Here's how our arguments usually resolve themselves. We argue, I talk about what I can do to make up, I try to comfort her, she blows me off, I talk to her about forgiveness, she acts unforgiving, I break down and cry because I feel like a failure and a disappointment, she doesn't do anything to comfort me, we end up just dropping it because she says it's done and she has what she wants, she goes about her business, I feel ****ty for the next few hours sometimes until the next day, she doesn't do anything to let me know things are alright, she says she never forgets and never forgives and we were never not alright, she's alright I feel terrible beyond what I believe is necessary for what I have done. 

I don't understand how someone can hold so much unforgiveness on their shoulders.

I love her very much and don't expect her to change. We have a very good relationship we just need to find a better way to communicate in an argument. I even have this strange respect for what she believes in. 

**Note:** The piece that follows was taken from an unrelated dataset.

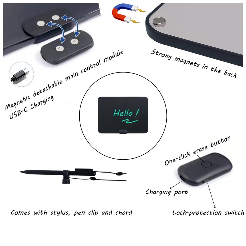 - 【Ideal Gift】Package includes: LCD writing pad, stylus, pen clip, chord and USB-C cable. A perfect gift choice for kids and adults. Back to School Note Board

Most of the time we bicker and argue like a normal couple. Just normal relationship stuff. We have never had a fight if you know what I mean. When we have the big arguments this is how it plays out. I just want to learn how to cope with this, if it's normal, and if anyone out there has a similar experience.


----------



## EleGirl (Dec 3, 2011)

adapting said:


> She leaves the room and doesn't talk to me. She expects me to know what I did wrong without even telling me, and even when I do figure it out there is nothing I can do to solve it. Even when I let her go off on her own and let her cool off until she is ready to talk there is still nothing I can do. Even though I am in the wrong the way she leaves me in the other room leaves me feeling pretty ****ty. I'm a pretty good listener I shut up while she gets everything out. When she get's pissed like that I know I really did do something wrong, and I feel like I don't have the right to tell her that I don't like the way she treats me when she gets really mad.

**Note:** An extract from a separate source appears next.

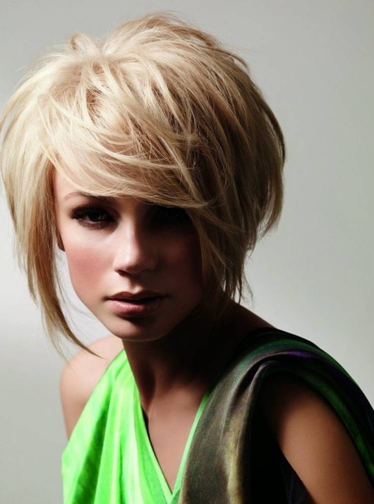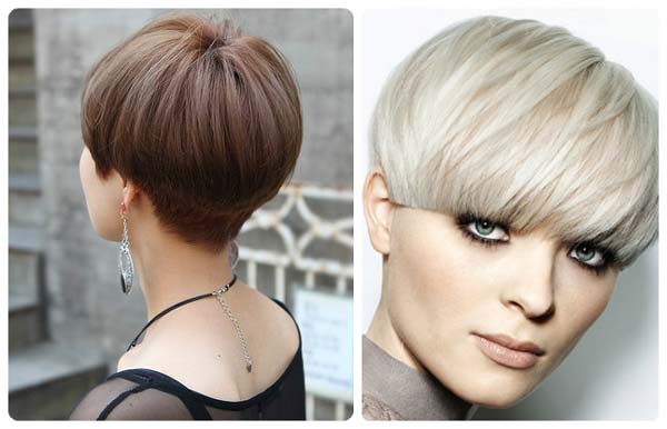 «Изюминкой» является то, что на затылке пряди состригаются с градацией. Такой вариант поможет скрыть угловатость формы лица или острые черты. Градуированную стрижку можно дополнить ровной или же короткой косой челкой. Укладка такой прически не займет слишком много времени. Потребуется только создать легкий беспорядок на голове при помощи воска для укладки, либо – использовать пенку для укладки в сочетании с лаком сильной фиксации.

She says that she does not forgive or forget. So does she bring up your past wrongs a lot?

I think that the two of you need to go to marriage counseling to learn how to handle this type of situation. She is wrong to expect you to know what you did wrong. You are not a mind reader. It sounds to me like she game playing.

Her not paying attention to the things you say you need is just down right wrong.

This is not a healthy relationship. Don't marry her until these things are solved.


----------



## lamaga (May 8, 2012)

"She says she doesn't believe in forgiveness which is very difficult for me to understand. "

If she truly, honestly doesn't believe in forgiveness, I cannot imagine why you would even consider marrying her. That's a huge leap away from humanity right there.


----------



## SimplyAmorous (Nov 25, 2009)

OMG...... do NOT marry this woman, her ways of dealing with communication are horrendous, ugly, obviously unforgiving (which is BS -- as if she is [email protected]#$%^&)...

You sound like you come from a Healthy family , we all screw up, say retarted things, get mad..but then we talk about it, learn the beauty of some humility, taking ownership of our own issues....not running away and pouting and trying to control the other with silent manilulation...forgiveness is vital !!! She is resenting you before you even take any vows. Oh no.. you can't marry into this! 

Love will not be enough .....She is a passive aggressive silent treatment holder... a descent into hell itself communication wise, a marraige destroyer, frustration off the richter scale. 

Here is a good article on how couples SHOULD and need to heathily deal with arguements, disagreements, conflicts and fights... as every marraige will have them... 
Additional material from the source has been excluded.